The artificial intelligence subfield known as NLP enables machines to process and interpret as well as write human speech. The technology stands as a standard solution for extracting and classifying and analyzing opinions that appear in unstructured text documents. The NLP techniques make it possible to extract sentiment which reveals the emotional stance and attitudinal responses of people regarding specific subjects in opinions analysis. NLP-based opinion analysis requires multiple distinct procedures according to research from sources [2, 3, 4, 15, 16]. Before analysis the unstructured text must undergo pre-processing operations that break down text into tokens while eliminating stop words together with base-form reduction stemming/lemmatization. Sentiment analysis techniques are applied as the second step after completing pre-processing.

Sentiment analysis functions to identify if spoken opinions manifest as positive sentiments or negative sentiments or stay neutral. The analysis of sentiment requires application of different strategies because it extends from using rulebased systems to employing machine learning together with deep learning algorithms. Various techniques that analyze linguistic patterns plus word frequencies together with contextual information and certain domain-specific knowledge help with the analysis. After sentiment analysis completes its task additional NLP techniques become available to extract other important information. The text processing system uses Named Entity Recognition (NER) to detect specific entities including product names together with people and organizations and geographic places. The system of Aspect-based sentiment analysis measures product and service sentiments at their individual features above defining total sentiment.

There are several problems which analyzing the opinions review in the NLP. The NLP faces with many problems like

• •    Data Integrity and Manipulation: One major challenge in opinions analysis is ensuring the integrity of data. Unstructured text data, such as online reviews, can be easily manipulated or tampered with, leading to biased or misleading results.

• •    Trust and Authenticity: Online reviews and opinions often suffer from trust issues, as it is difficult to verify the authenticity and credibility of the sources.

• •    Data Privacy and Consent: Privacy is a significant concern when dealing with opinions data, as it often involves personal information and user-generated content.

• •    Data Ownership and Sharing: Ownership and sharing of opinions data can be complex, especially when multiple parties are involved, such as review platforms, businesses, and users.

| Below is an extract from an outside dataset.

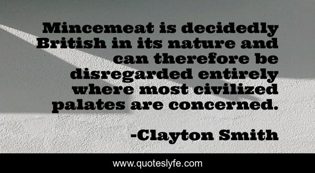 This page presents the quote "Mincemeat is decidedly British in its nature and can therefore be disregarded entirely where most civilized palates are concerned.". Author of this quote is Clayton Smith. .

• •    Data Access and Collaboration: Accessing and collaborating on opinions data can be challenging due to data silos, legal restrictions, and trust barriers

• •    Data Auditing and Traceability: In opinions analysis, it is crucial to trace the origin and processing of data to ensure its reliability and quality.

2.    Literature Review

In order to solve the above problems in NLP, Blockchain based framework are used that provide the solution to the existing issues in NLP.

1.1 Blockchain

The incorporation of Blockchain skill during recent times gained substantial recognition because it creates trusted secure decentralized transparent systems which handle various applications. The blockchain method distributes ledger capabilities which provide protected transactions with clear visibility and protective features to data. The shared database operates through computers across a network which track transaction records in each block chain entry. Any changes to blockchain data must obtain approval from every network node which results in extreme difficulty of data modification.

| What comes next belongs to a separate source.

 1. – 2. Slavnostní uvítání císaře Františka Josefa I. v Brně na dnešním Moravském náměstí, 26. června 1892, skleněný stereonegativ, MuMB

Blockchain and NLP can be used together to create a number of new and innovative applications. It can be applied in NLP is in creating decentralized marketplaces for NLP services [7, 8,15]. With the increasing demand for NLP services, creating a decentralized marketplace can provide a platform where buyers and sellers can interact and exchange NLP services using cryptocurrencies. This can provide a more secure and transparent platform for buying and selling NLP services, eliminating the need for intermediaries and reducing transaction costs. Blockchain can also be used to store and secure NLP data, such as training datasets and models. This can help to protect NLP data from unauthorized access and tampering. Additionally, blockchain can be used to create decentralized NLP applications, which do not rely on a central server. This can make NLP applications more secure, reliable, and scalable.

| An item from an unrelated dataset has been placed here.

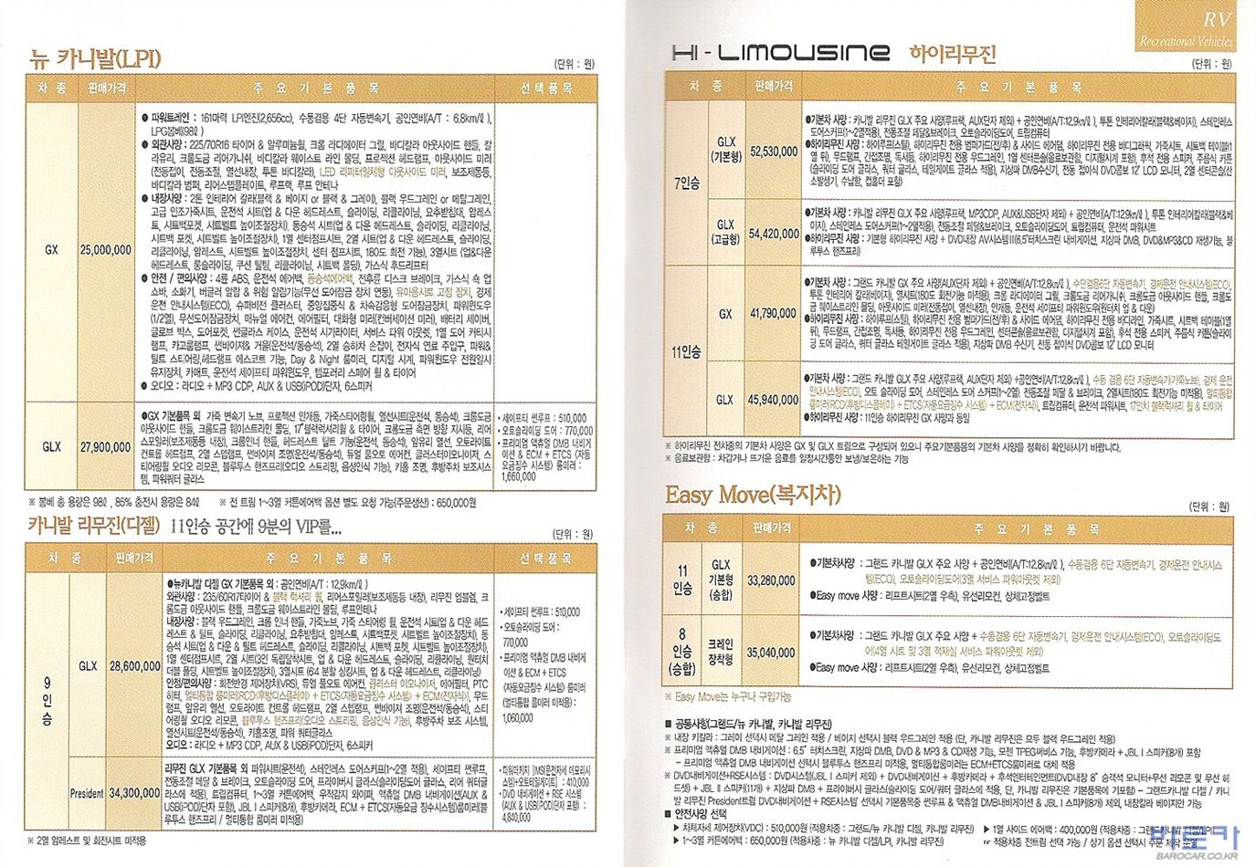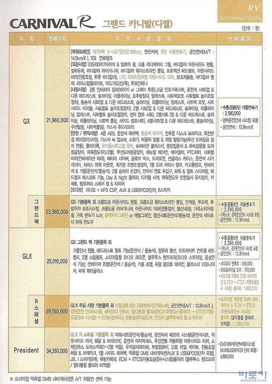 2010년 12월 그랜드카니발R / 뉴카니발R 신차가격표 (2011년형)

This work also addresses some of the challenges characterizing sentiment analysis, particularly focusing on combating fake reviews, trust deficit in online opinion systems, and data privacy. Fake reviews undermine the reliability of user-generated content, and trust and authenticity issues affect the accuracy of the sentiment analysis models. Moreover, secure storage and traceability of review data are prerequisites, which is particularly challenging in heterogeneous environments with multiple contributors. To overcome these hurdles, we propose a framework where blockchain technology is used to secure and validate user-generated content in a decentralized and tamper-proof manner while maintaining transparency. The further development of this framework is characterized by the novel approach to integrating blockchain technology with hybrid sentiment analysis based on Naïve Bayes and LSTM which had not been developed earlier in the existing literature. Different from prior works, the focus of this framework is on scalability and security due to the use of Ethereum smart contracts and Layer 2 scaling solutions[16,17]. The fusion model simulates what we do with the combination of the above two data modalities combining their pros while eliminating their cons.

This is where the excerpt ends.